Investors have reveled in years of falling interest rates and stocks have ridden a wave of easier money to higher and higher levels.

But now, after a burst of data showing the U.S. economy is powering ahead at a far faster growth pace than economists and likely the Federal Reserve had expected has sparked fear of higher interest rates.

Already, tremors have been felt on Wall Street and the coming weeks may see those erupt into something far more destructive,if signs of inflation emerge.

In some ways, the ongoing global financial turmoil played into the U.S. market's hands.

The crisis prompted a series of interest rate cuts by the Fed, which in turn sparked a rip-roaring market rally that put stocks at tottering valuations amid a booming economy, particularly in the high-technology sector.

But investors got nervous last week with tech stocks leading Wall Street down.

Several Wall Street veterans are stepping back from the market. Brown Brothers Harriman's Charles Blood, the director of financial markets strategy, last week cut his near-term outlook on the stock market to neutral from bullish.

''In the longer term, about six months, we are still moderately bullish. We think this is still a bull market,'' Blood said.

''But near-term, the next one to three months, stocks are not likely to go up on a week-by-week basis. It is more likely we are in a period of consolidation or correction, of about 3 to 5 percent from the peak,'' he said, noting a drop in money supply growth, which has come down from double-digit levels in the past few months, and weakness in the bond market.

J.P. Morgan's U.S. equity strategist Doug Cliggott Thursday recommended cutting back on stocks in its model portfolio to 50 percent from 60 percent, citing valuations.

''We've seen too much stock market optimism and too much bond market pessimism. We may be reaching a point where we should buy bonds and sell some stocks,'' said Hugh Johnson, chief investment officer at First Albany Corp., who has turned ''short-to-intermediate-term bearish,'' on U.S. stocks.
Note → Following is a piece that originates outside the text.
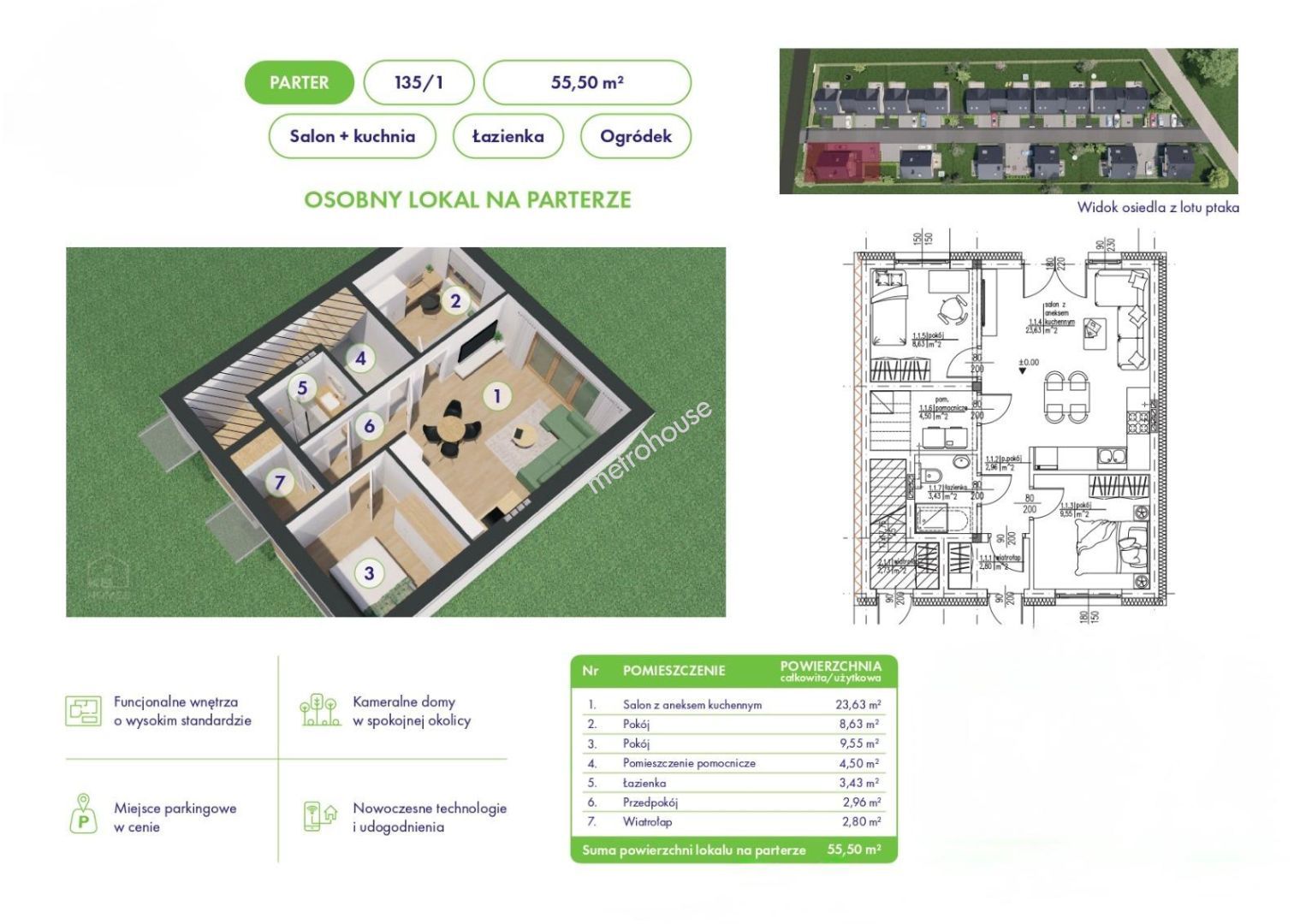 - powierzchnia użytkowa 55,5 m²
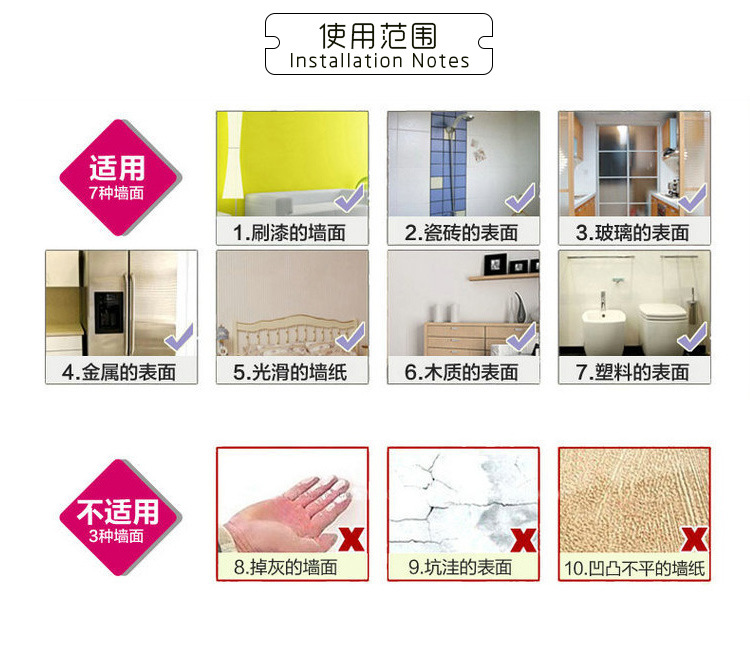 3、若粘贴的墙面受潮、老化或刚刷了新漆,粘贴后可能会引起墙贴自动脱落,或者会引起墙面剥落,可以用吹风机热风将墙面吹干或待漆面挥发一段时间后再贴,但效果可能会有所出入,所以敬请广大顾客慎选所贴位置;

Computer and Internet stocks will see a round of updates from companies at Goldman Sachs' annual high-tech conference in New York next week.

''Right now portfolio managers are saying maybe I should shift out of technology stocks,'' First Albany's Johnson added.

In other corporate news, U.S-based drugmaker Pharmacia & Upjohn will report its fourth-quarter earnings on Feb. 10. The company, which last year relocated to New Jersey from Europe,has been in the midst of an earnings turnaround since the second half of 1998.

MCI WorldCom Inc. the nation's no. 2 long-distance company,reports its earnings on Feb. 11.

Planned initial public offerings run the gamut from Prodigy Communications, to staffing services firm Korn/Ferry, mutual fund manager Gabelli and Healtheon Corp., an Internet company started by the founder of Netscape Communications Corp. .

Economic data that could affect the markets includes January retail sales and the Richmond Fed Survey. Investors will also watch the Treasury's $10 billion quarterly refunding.